ANSWER: Before you can begin to restore the bathroom in your Victorian home, you need to find out its age and style. A series of revival styles—Italianate, Renaissance Revival, Rococo Revival, Gothic Revival, Victorian Cottage, etc.—captured the imaginations of Victorian architects and they not only designed the exteriors in styles but the interiors to match. 

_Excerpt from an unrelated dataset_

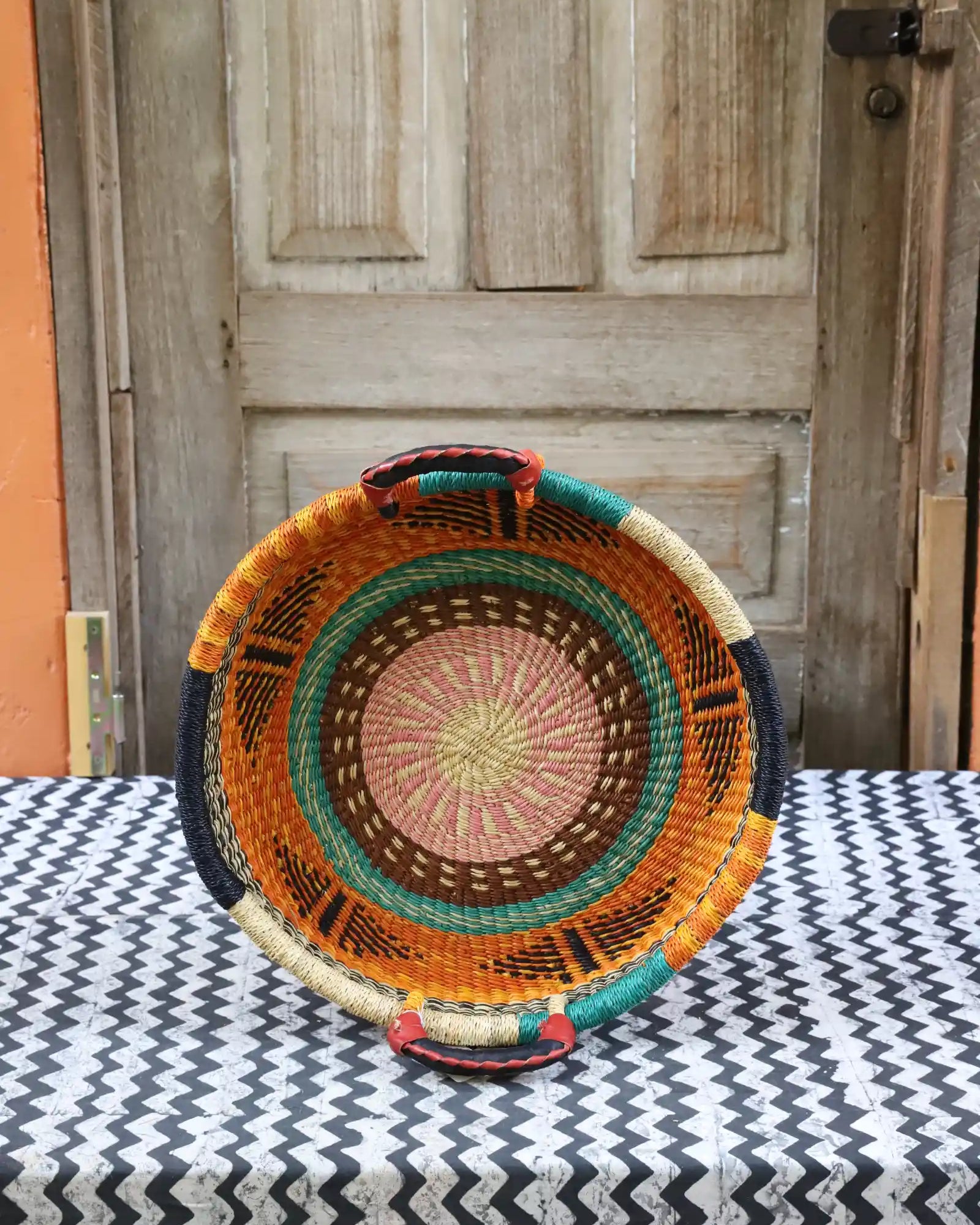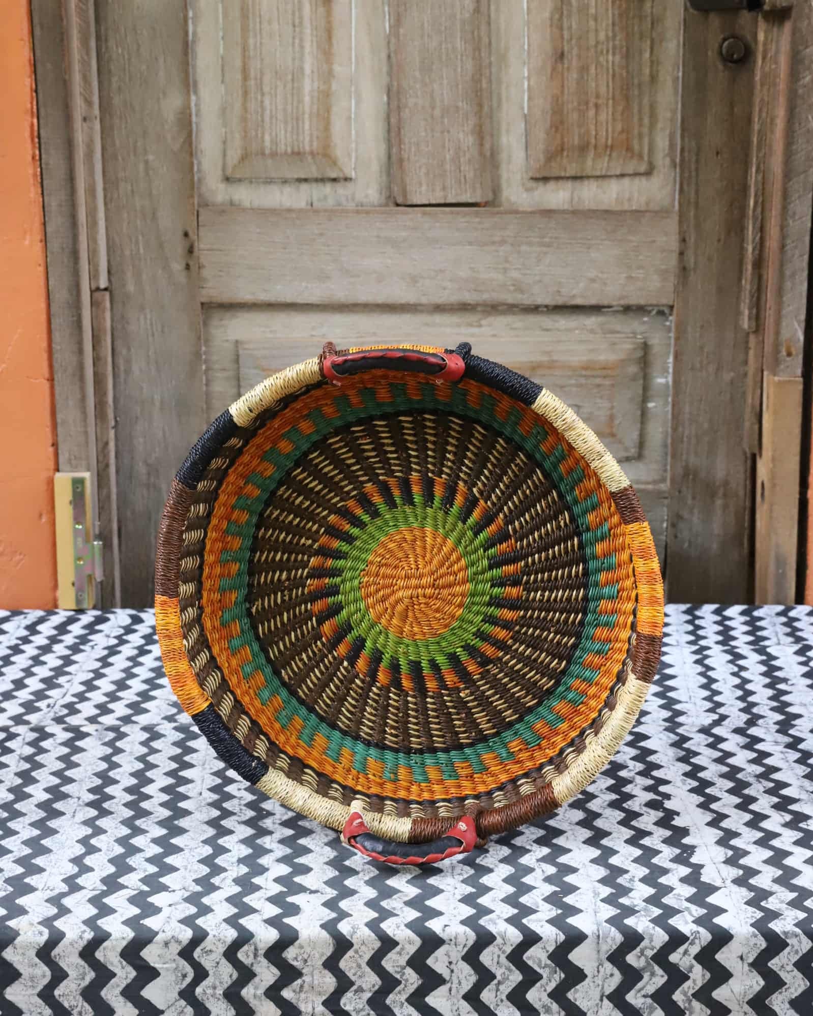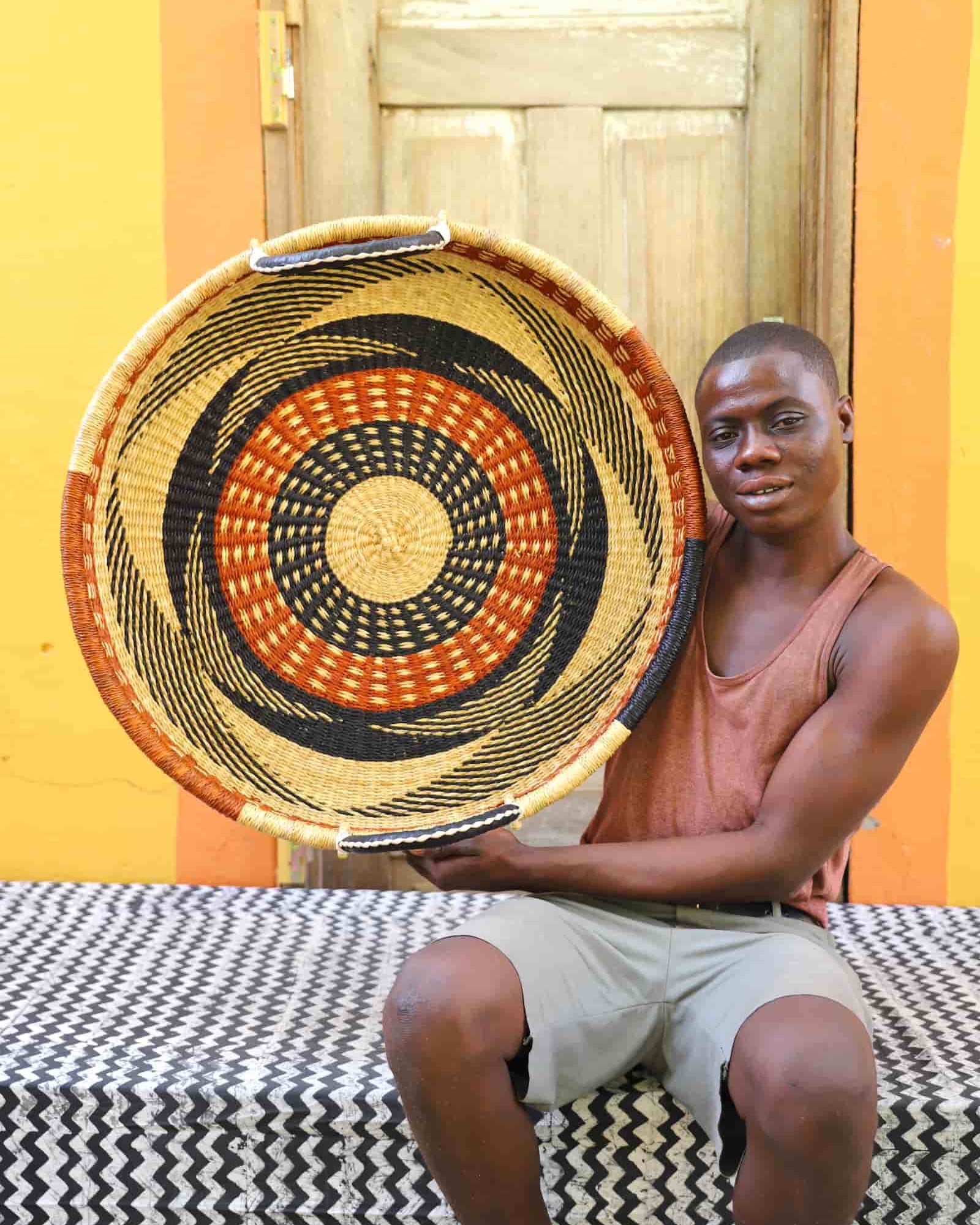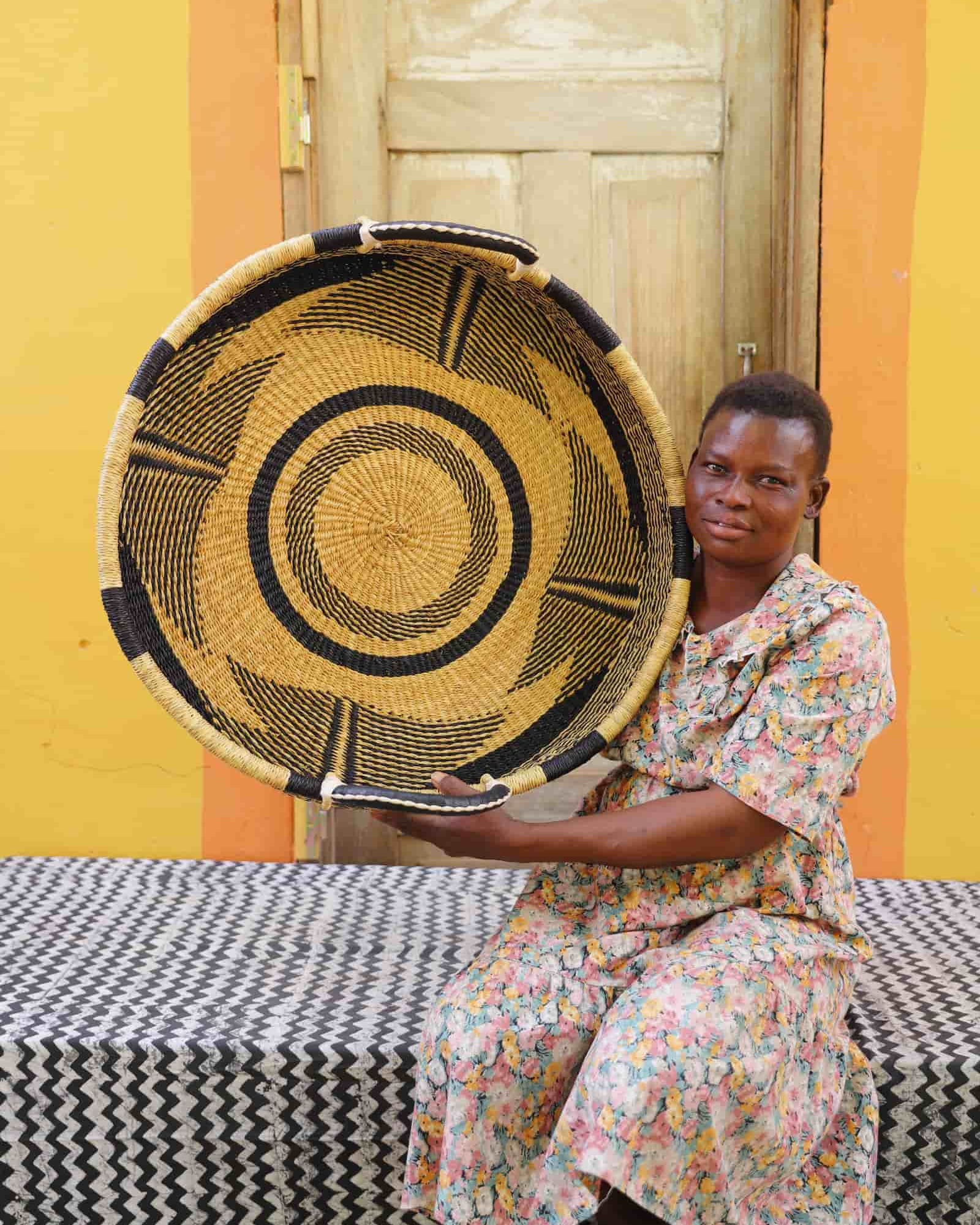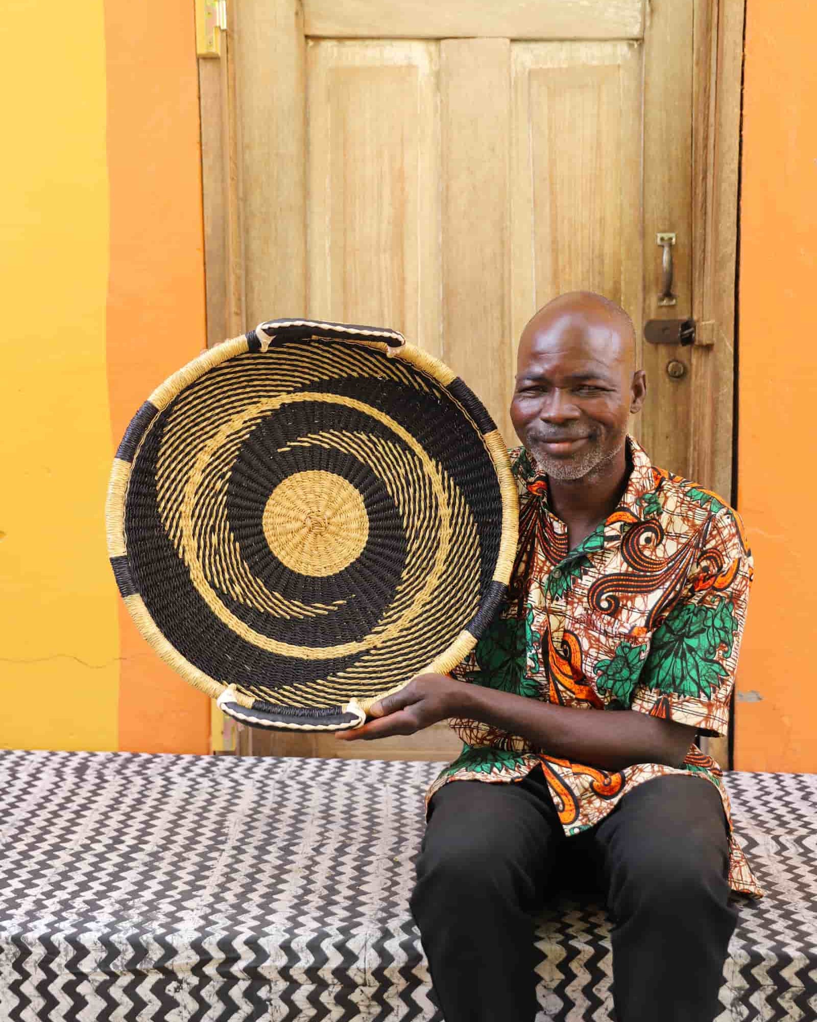 Vous recevrez le plateau tressé présenté sur la photo. Sur nos photos, les plateaux tressés sont présentés par les artisans qui les ont confectionnés.
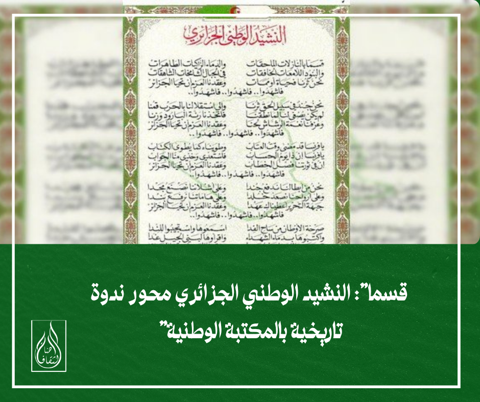 احتفالًا بالذكرى السبعين لتأليفه، كان النشيد الوطني الجزائري “قسما” محور ندوة تاريخية أُقيمت في الجزائر العاصمة، تزامنت مع التحرك الشعري العالمي لنصرة القضية الفلسطينية.

Until at least the 1870s, daytime trips to the outdoor toilet or “privy” were essential regardless of the weather. Somewhere around 1800 in the United States privies began to move indoors, usually to an old clothes closet, from which the term “water closet” or “WC” originated.. At first they generally had an earth filled hopper that could be removed for cleaning. An easily opened window and a

Victorian outhouse
tight fitting door kept fumes from the rest of the house. Even bathing demanded only a wooden tub and a warm kitchen, when people bothered at all. Washing up at the bedroom washstand where water froze in the pitcher in the winter did little to encourage cleanliness.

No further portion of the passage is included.